Your writing style is like your fingerprint. And I'm not talking about your handwriting here. Do we still write by hand anyway? I'm talking about your unique way of writing. Your choice of words, the way you formulate your sentences, the use of punctuation. Your language and style errors, or the absence of them. To the point or rather elaborate? Identification based on your writing style DNA is coming closer very quickly and is already being applied in practice, including in forensic analyses. Parts of Shakespeare's works were not written by himself, some stylometrists - writing style analysts - claim. True or not, who knows? Still, the development is moving very fast, driven by AI, artificial intelligence. Do you write under a pseudonym because of your sharp pen? Then you'd better watch out. It is probably only a matter of years before stylometrists, armed with a few Terabytes of AI, will figure out, with razor-sharp precision, who you are, what you write and, just as frighteningly, imitate you almost seamlessly.
Stylometry
To a certain extent, we can all recognize different writing styles. A cheerful, sad, sweet or angry text from a friend or a loved one reads differently, compared to a newspaper article, a letter from the bank, or a bailiff's writ of execution. Quite likely, we may also be able to distinguish the different styles of our favorite writers. It becomes more difficult to identify particular patterns in texts from complete strangers. Education level, age, gender, perhaps, we may still make a pretty fair guess. But beyond that? Would we be able to link a given piece of text more specifically? To a certain group? How specific can we make that group? Or even to a single person?

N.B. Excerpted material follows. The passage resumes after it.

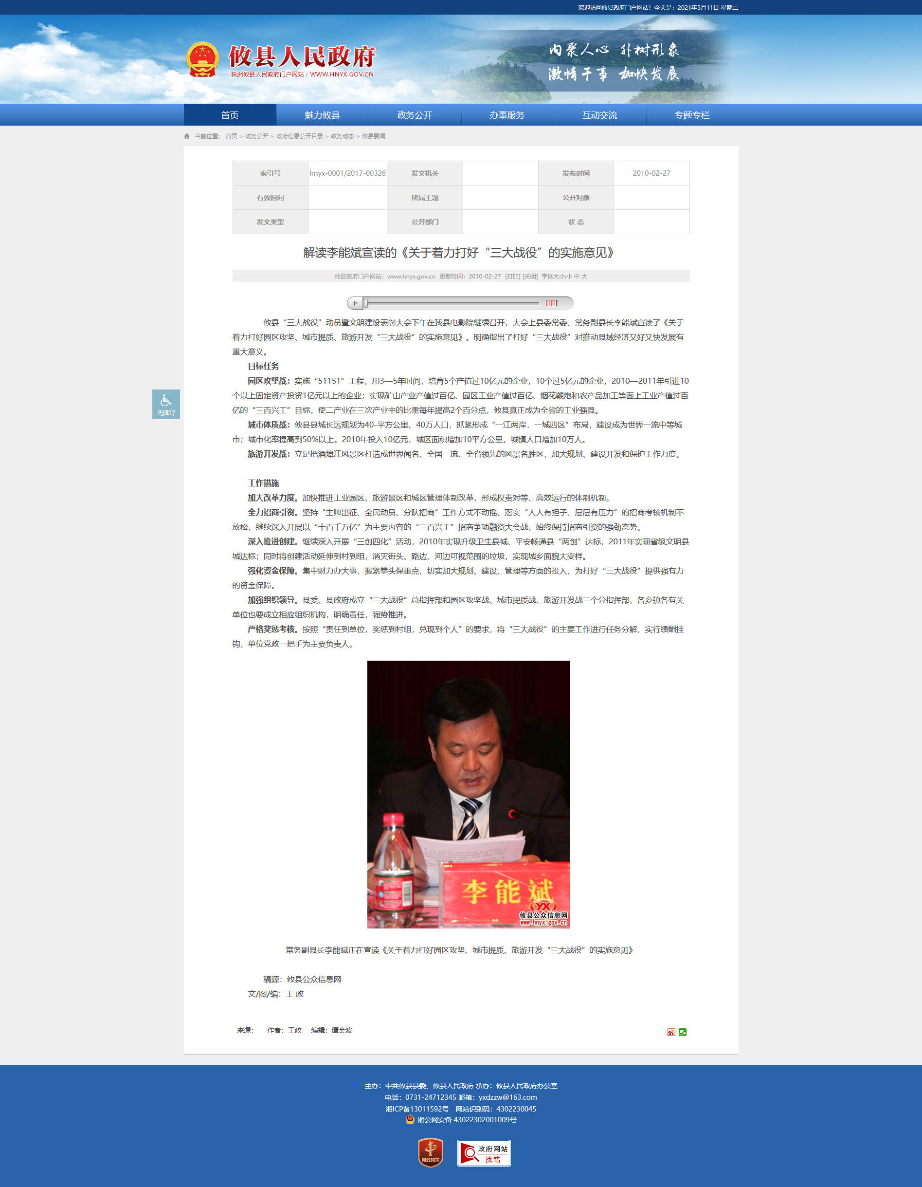 园区攻坚战:实施“51151”工程,用3—5年时间,培育5个产值过10亿元的企业,10个过5亿元的企业,2010—2011年引进10个以上固定资产投资1亿元以上的企业;实现矿山产业产值过百亿、园区工业产值过百亿、烟花鞭炮和农产品加工等面上工业产值过百亿的“三百兴工”目标,使二产业在三次产业中的比重每年提高2个百分点,攸县真正成为全省的工业强县。
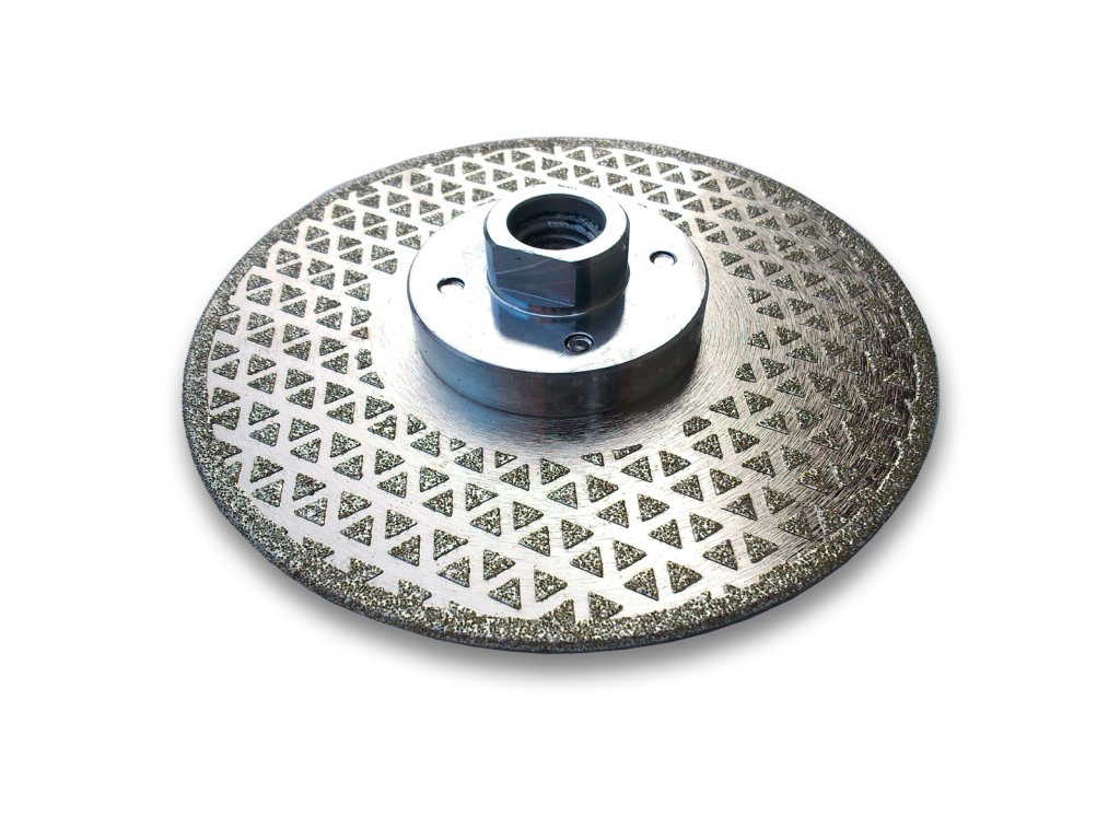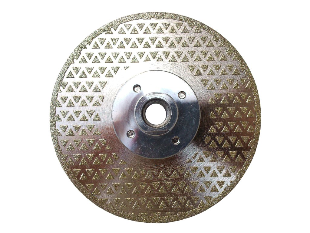 Galvanicky nanášen syntetický diamant je nanesen na obou pracovních plochách i po obvodu nástroje. To umožňuje brousit nebo řezat do materiálů:

That is precisely the dream of stylometry, the analysis of writing styles. For a very long time, stylometry was a labor-extensive craft. Forensic stylometry has already gained fame in the past due to a number of decisive breakthroughs in criminal cases. Sometimes such breakthroughs took months of analysis. Artificial intelligence is rapidly developing, giving an entire new dimension to writing style analysis. A dream for stylometry experts. A nightmare for others. And certainly not only for criminals.
Applied stylometry
It only takes a certain dose of imagination to come up with and grasp the countless applications of stylometry. Analytical variants described here are identification of criminals and verification of the authenticity of documents. The synthetic variants, the imitation of stylometric profiles of others, are also developing very quickly, often with criminal purposes. Here too, through the use or, better said, misuse of artificial intelligence.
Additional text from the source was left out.